Okay, I'm a bit late and everyone is so right-great answers already- but I wanted to add onto the pile anyway.

I saw Gift of Fear suggested above- I'm surprised more people didn't suggest it, actually. I've seen it recommended on here so frequently that when I posted this question a week ago, I knew that would inevitably crop up among the answers, so I just went ahead and got it and started reading it. Now that I've read it, let me add on to the wise voices already telling you:

-Read the Gift of Fear. So helpful in identifying the crazy. The thing about people like that is, somehow, they have the ability to make YOU feel like the crazy one. Don't let that happen- read this book!
-For the love of God, RUN don't walk away from this dude. If he is willing to use a weapon against [unspecified person who may be threatening you] then don't doubt for a second that he will ultimately be willing to use a weapon against YOU when (not if) you upset him in some way.

I've spent a lot of time obsessing over my ex and agonizing over how I didn't see the red flags. All I can conclude is that, at the time when I entered into the relationship, I didn't have any knowledge of what the red flags were. I wasn't yet on Metafilter, had not heard of The Gift of Fear, and had never witnessed a friend or family member deal with a crazy, abusive, or stalker-y person. I'd only been in normal relationships with normal people and assumed that everyone is normal. NOT EVERYONE IS NORMAL. You're lucky because we're all here to tell you, please, benefit from our collective hindsight and terrible experiences with people like this. It doesn't matter if he seems like "The One." Crazy people can be intense and it's easy to confuse good intensity with bad intensity. Also, nthing mirroring.

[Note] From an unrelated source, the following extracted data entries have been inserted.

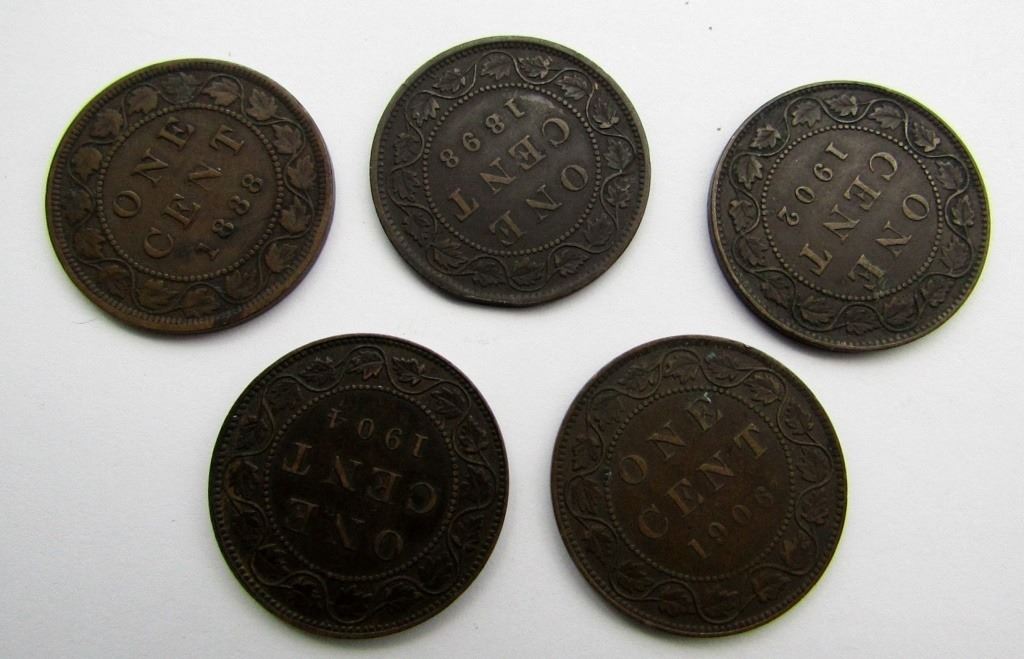 5-CANADA LARGE CENTS: 1888, 1898, 1902,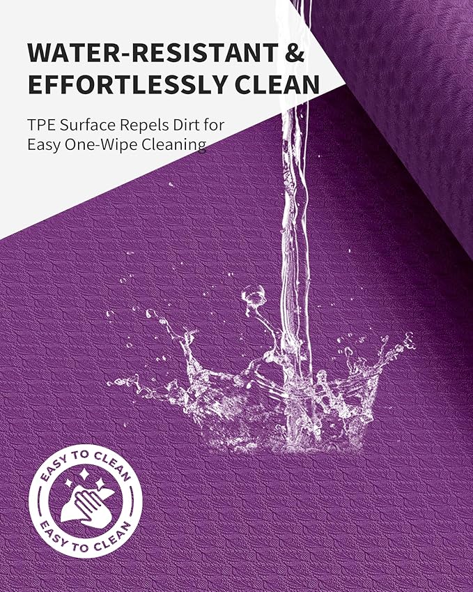 - Easy to Store and Carry: Package Include: Large yoga mat, a microfiber towel, two mat strap, a net bag; Note: We recommend that you use our yoga mat barefoot or with yoga socks, but do not wear shoes, because the shoes are rather hard on the material of yoga mats and can tear the mat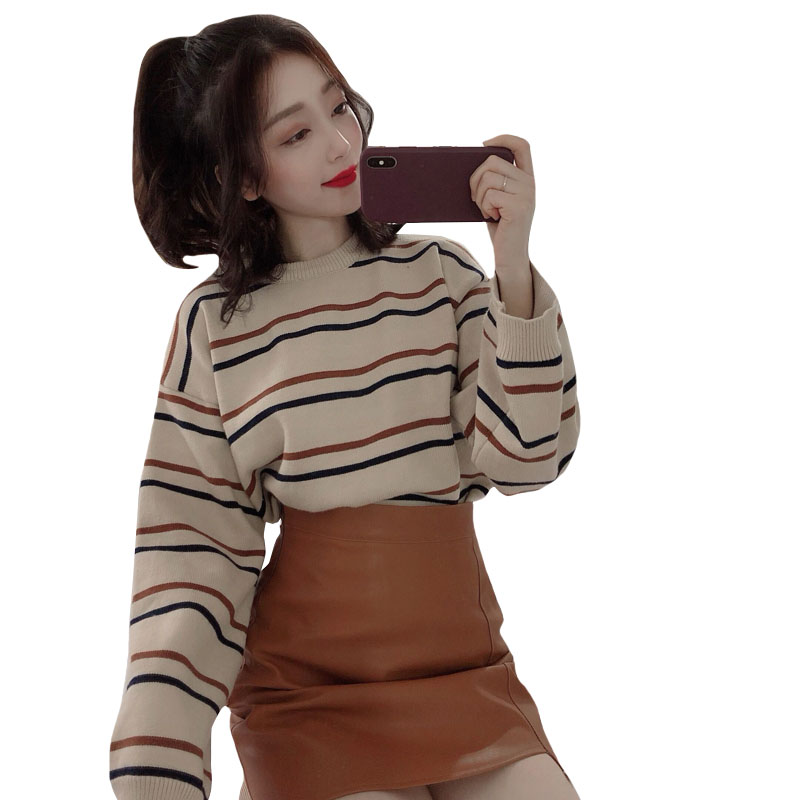 / 韓版時尚休閑套裝秋季條紋加厚針織毛衣+A字半身裙皮短裙兩件套女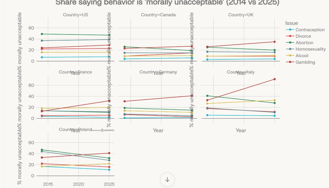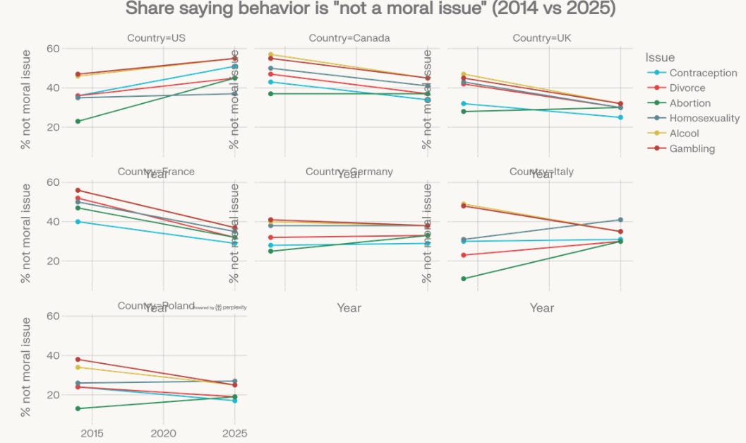 Very short summary: This essay discusses “demoralization,” i.e., the process by which human practices cease to be subject to moral assessment, as a distinct form of moral change particularly relevant to liberal thought. Drawing on Pew Research Center surveys from 2014 and 2025, I analyze the evolution of moral attitudes across seven North American and European countries. The data reveals that the United States has undergone significant demoralization, while France has moved in the opposite direction, with implications for understanding how societies transition between moral frameworks.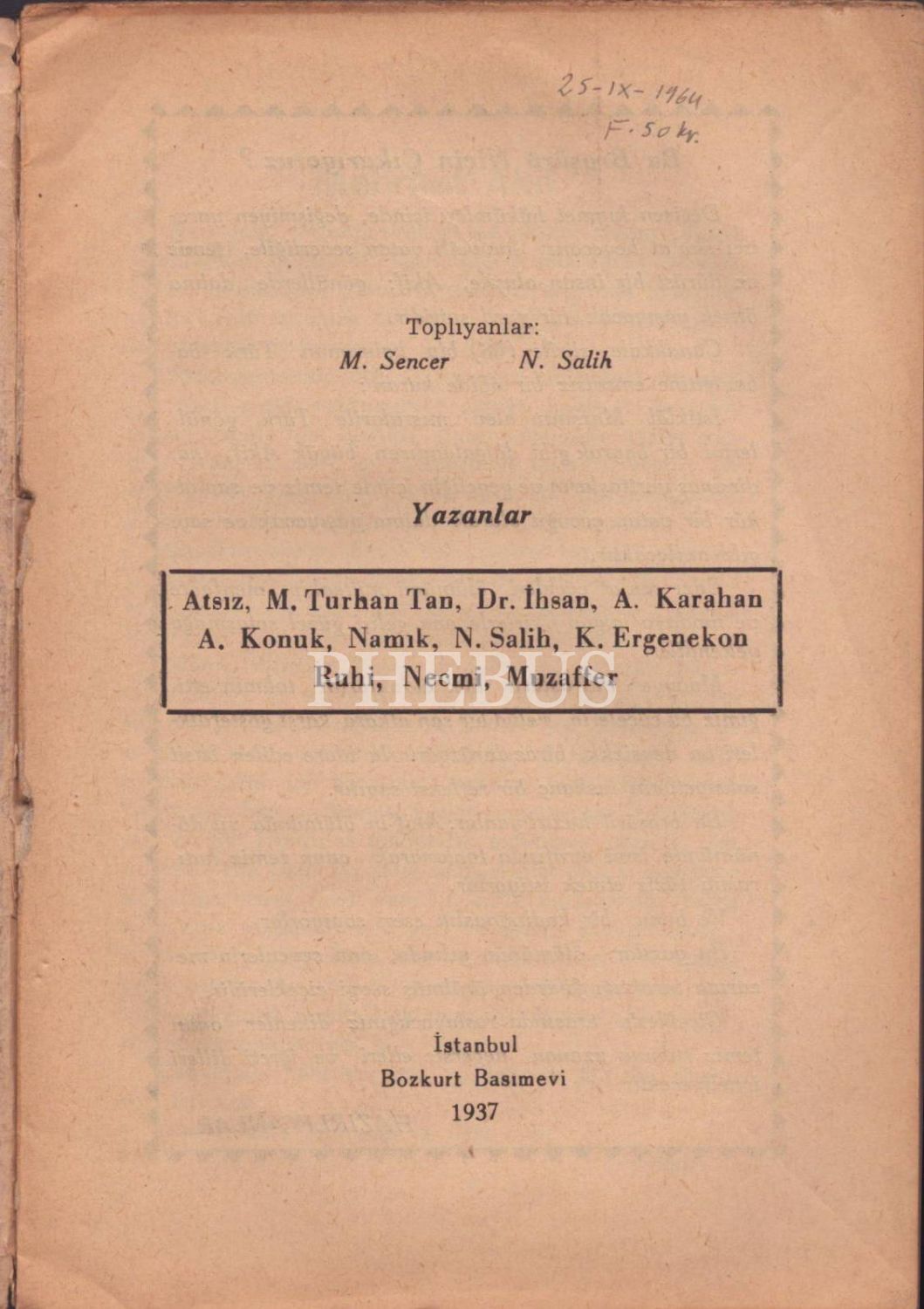 MEHMET AKİF, toplıyanlar: M. Sencer & N. Salih, Bozkurt Basımevi, İstanbul - 1937, 35 sayfa, 14x20 cm

I agree with the suggestion that you send an email saying that it was not cool for him to [describe incident in detail here] and SAVE it. In case it escalates. Best case scenario, you break it off now and that's the end of it, and you can breathe a sigh of relief over the bullet you dodged. If things get more complicated, you'll be glad to have documentation. Same goes for the texts and calls.
posted by Argyle_Sock_Puppet at 3:57 PM on December 2, 2011


he's going to start begging you

And he may want you to explain your point of view, or more chances to explain his... And that's all off the table. You have a need and that need is to table any and all discussion until you, yourself, get to a place where you know what you want next steps to be. If he doesn't respect that, end it.

People in healthy, normal relationships sometimes need a break because, oh maybe their mom has medical issues or they are cramming for the bar or whatever. Partners in those relationships can respect that need.

This is a one-month thing, your emotions were over the top and then he did something bizarre. A time out is the very least you owe yourself.
posted by Lesser Shrew at 4:42 PM on December 2, 2011


Big red flag here. Way over the top reaction. I'm betting this guy is very controlling. I'd dump him.
posted by BlueHorse at 9:59 PM on December 2, 2011


Total, total, total creeper. Your gut is telling you this. Trust your gut.